▶ [EXERCISE AIM]:
Restate word for word the entries below, starting at the line with "收入分别约为人民币2.86亿" and ending at the line with "Se puede observar". Keep both end lines and omit the pictures.
··· EXTRACTED ENTRIES
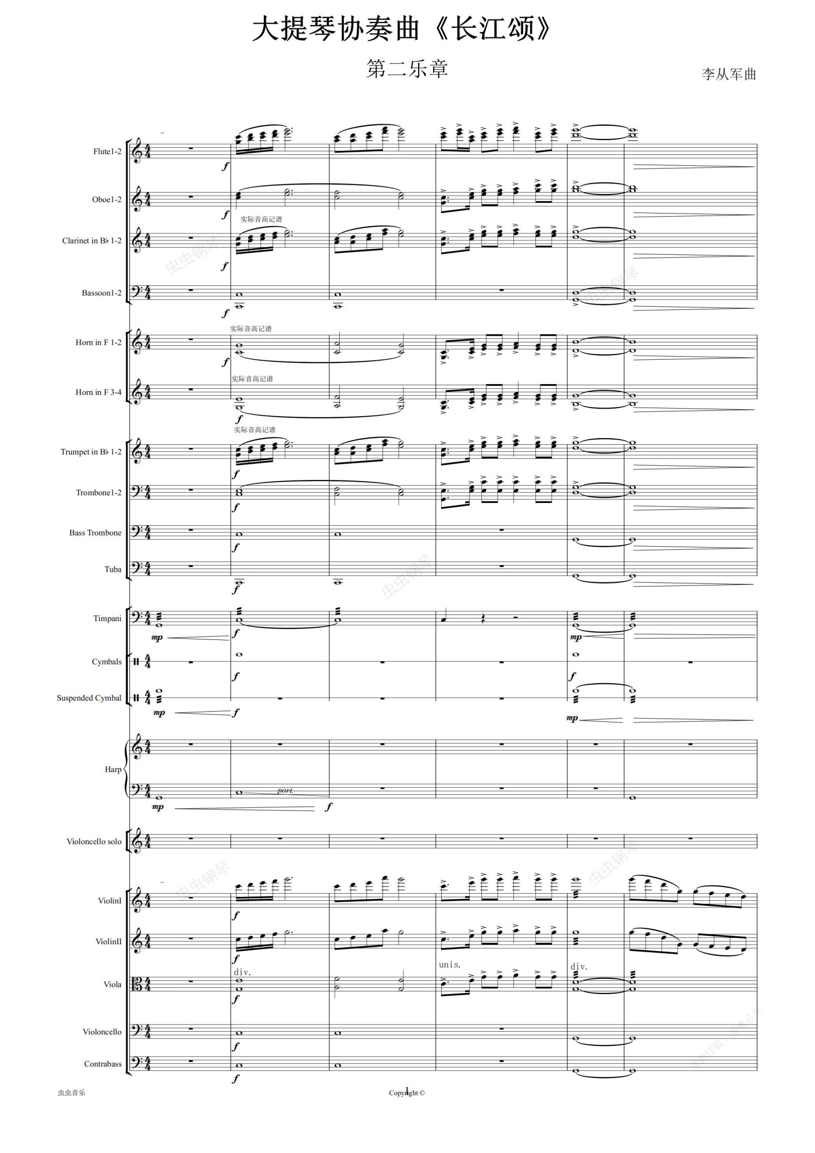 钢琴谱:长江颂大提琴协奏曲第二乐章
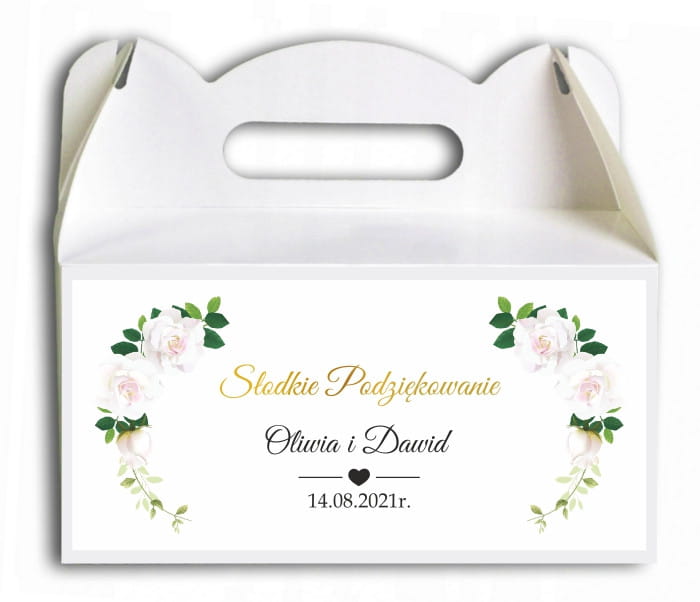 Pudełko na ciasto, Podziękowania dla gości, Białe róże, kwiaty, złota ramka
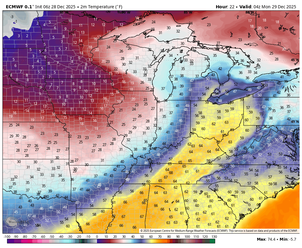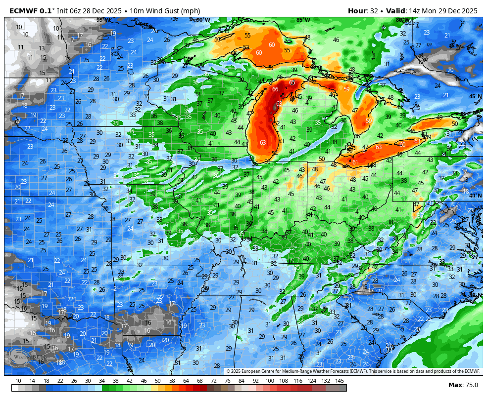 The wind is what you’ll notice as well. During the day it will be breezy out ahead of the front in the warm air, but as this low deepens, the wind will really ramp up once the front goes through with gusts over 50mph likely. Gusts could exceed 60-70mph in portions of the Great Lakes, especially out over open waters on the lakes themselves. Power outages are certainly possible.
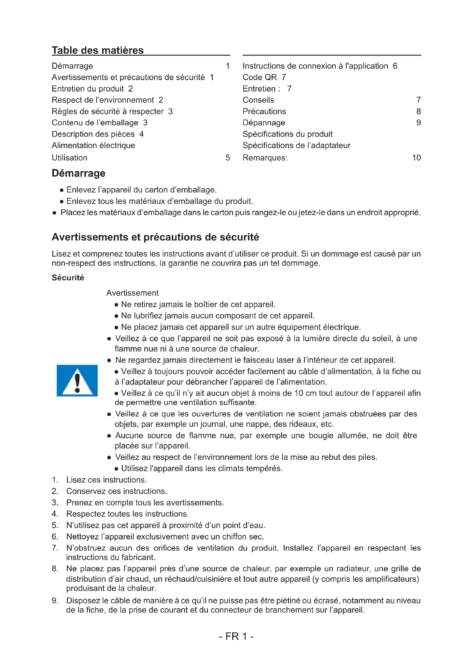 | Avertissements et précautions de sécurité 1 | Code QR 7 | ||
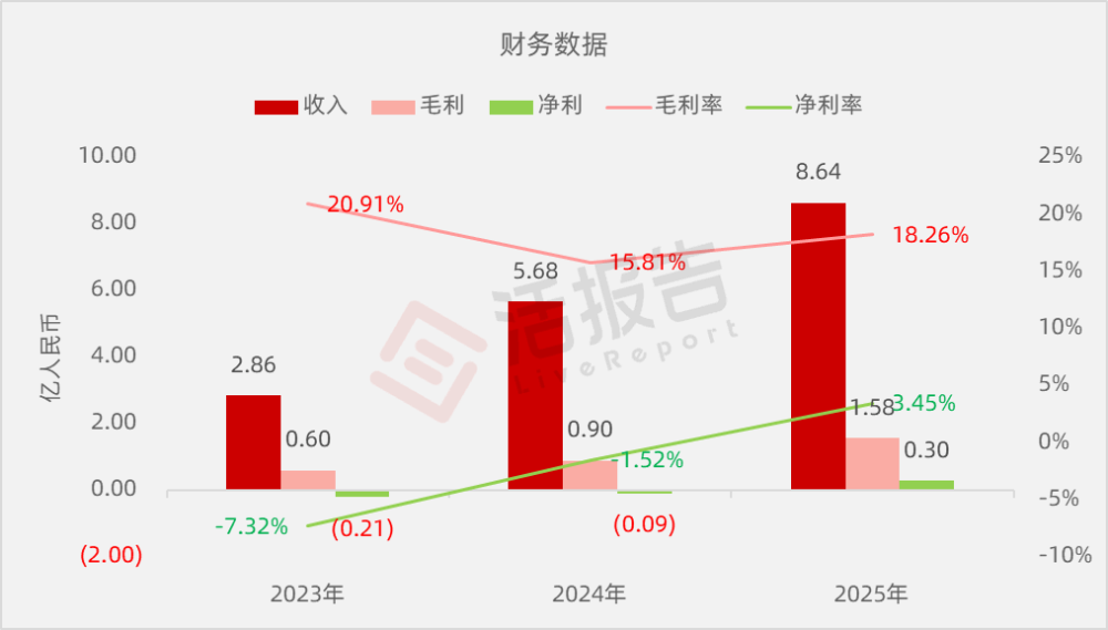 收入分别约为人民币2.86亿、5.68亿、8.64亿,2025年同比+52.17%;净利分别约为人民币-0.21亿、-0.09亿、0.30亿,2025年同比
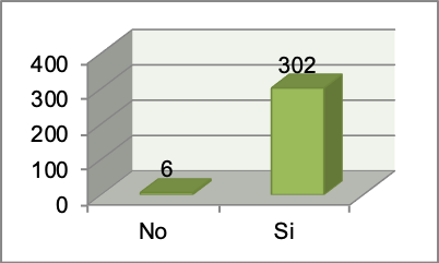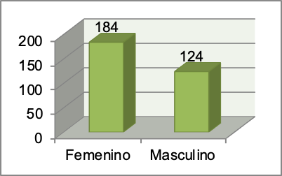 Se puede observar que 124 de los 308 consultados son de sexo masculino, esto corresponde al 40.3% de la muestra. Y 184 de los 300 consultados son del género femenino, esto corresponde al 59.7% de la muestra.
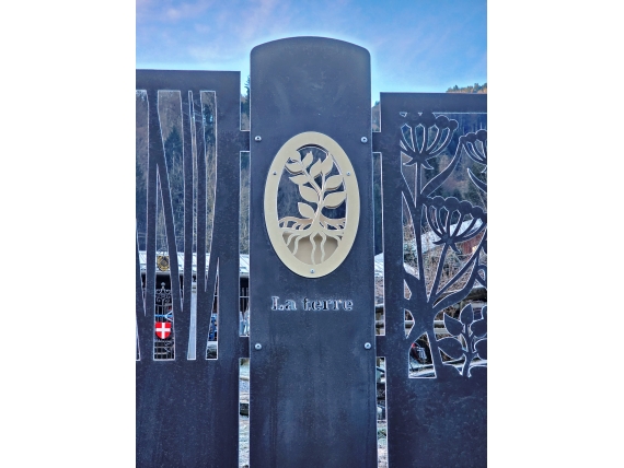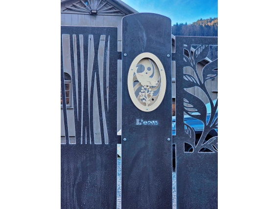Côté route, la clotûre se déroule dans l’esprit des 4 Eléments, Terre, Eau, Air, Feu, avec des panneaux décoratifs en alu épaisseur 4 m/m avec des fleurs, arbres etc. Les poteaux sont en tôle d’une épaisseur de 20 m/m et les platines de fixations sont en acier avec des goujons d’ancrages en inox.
······
··· EXTRACTED ENTRIES
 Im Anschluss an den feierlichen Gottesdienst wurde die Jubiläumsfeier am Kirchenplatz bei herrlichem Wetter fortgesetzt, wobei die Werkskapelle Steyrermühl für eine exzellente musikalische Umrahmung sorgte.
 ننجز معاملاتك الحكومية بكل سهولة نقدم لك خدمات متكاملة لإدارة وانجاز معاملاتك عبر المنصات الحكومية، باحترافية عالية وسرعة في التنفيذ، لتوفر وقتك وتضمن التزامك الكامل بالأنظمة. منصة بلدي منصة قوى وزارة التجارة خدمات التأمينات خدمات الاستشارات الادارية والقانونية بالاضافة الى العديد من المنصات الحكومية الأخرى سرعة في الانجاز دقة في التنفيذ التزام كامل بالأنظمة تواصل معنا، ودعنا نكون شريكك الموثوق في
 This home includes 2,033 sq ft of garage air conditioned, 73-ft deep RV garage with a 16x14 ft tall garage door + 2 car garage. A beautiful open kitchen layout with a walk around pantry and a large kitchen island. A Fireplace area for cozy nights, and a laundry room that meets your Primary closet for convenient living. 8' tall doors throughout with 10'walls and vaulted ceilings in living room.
······
··· EXTRACTED ENTRIES
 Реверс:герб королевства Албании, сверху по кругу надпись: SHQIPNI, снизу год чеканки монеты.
······
▶ [RESULT FOR THIS TASK]:
 收入分别约为人民币2.86亿、5.68亿、8.64亿,2025年同比+52.17%;净利分别约为人民币-0.21亿、-0.09亿、0.30亿,2025年同比
 Se puede observar que 124 de los 308 consultados son de sexo masculino, esto corresponde al 40.3% de la muestra. Y 184 de los 300 consultados son del género femenino, esto corresponde al 59.7% de la muestra.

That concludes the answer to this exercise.